As noted above, in section 3, a separate study was conducted relating to cost driver parameters for additional authorisations. In order to understand the cost drivers for additional vehicle authorisations the Agency used two sources of information to identify these cost drivers:

The results of questionnaires to the sector.

The bilateral meetings with the sector.

The questionnaire was sent in June 2009 to the railway sector organisations to collect information about parameters considered to be cost drivers in the field of vehicle authorisation. The information received from the filled-out questionnaires was treated confidentially.

The Agency evaluated feedback from main manufacturers supplying European markets for locomotives and unit rolling stock.

The Agency assumed that the knowledge of such “cost drivers” would support the setting up of priorities for the evaluation of equivalence of NRs.

5.1 Identified cost driver Parameters

The study assumed at the beginning a number of technical parameters (see table 3) to be cost

drivers. The railway sector confirmed all these parameters to be cost drivers in the authorisation

procedure.

TABLE 3 - Cost driver parameters

Parameter Explanation

CCS Integration of ERTMS inside the vehicle.

Equipment of locomotives with additional Class B systems

Existing national trackside Automatic Train Protection/Automatic Train Control systems require the use of Class B systems in a vehicle.

Different requirement leading to exchange of pantograph

Different existing power systems as well as the different geometry of the overhead contact line may lead to additional/different requirements related to the pantograph.

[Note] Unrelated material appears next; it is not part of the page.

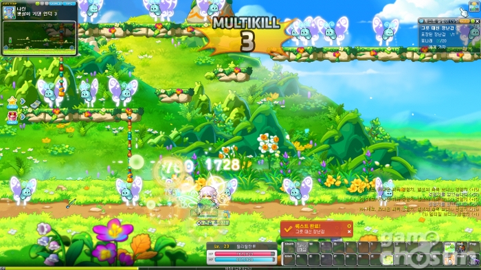 엄청난 범위를 자랑하는 분출된 정령과 함게 맵의 몬스터를 쓸어담을 수 있다 = 게임조선 촬영
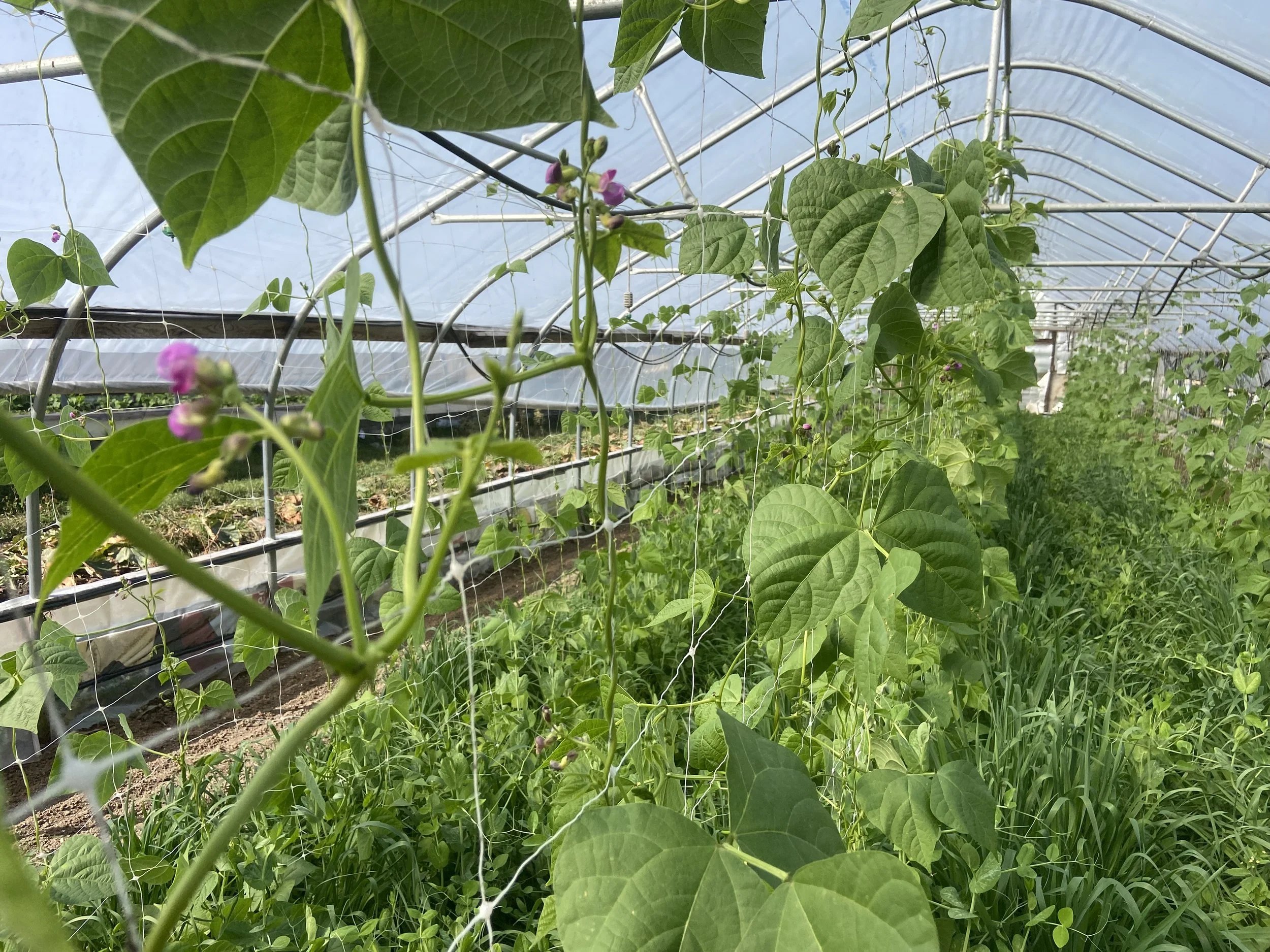 Pole Beans in Greenhouse 3 may come to fruition….we are hoping! The cover crop of oats and peas are doing well and will set up next seasons cash crop.

Testing to proof running dynamic behaviour

Different track geometry characteristics (especially rail inclination) require the proof of running dynamic behaviour.

Aerodynamic effects Impact of aerodynamic loads caused by the vehicle upon other parts of the railway system and upon the environment.

Different brake performance requirements

Different brake performance requirements which result from constraints of the existing infrastructure.

Different requirements to design and equip driver’s cab

Different operational requirements which lead to modifications of the driver’s desk or cab.

Different national requirements on push pull controls

As different technical solutions of push pull control exist, traction units and steering coaches/coaches have to be equipped with the different solutions required by the operator.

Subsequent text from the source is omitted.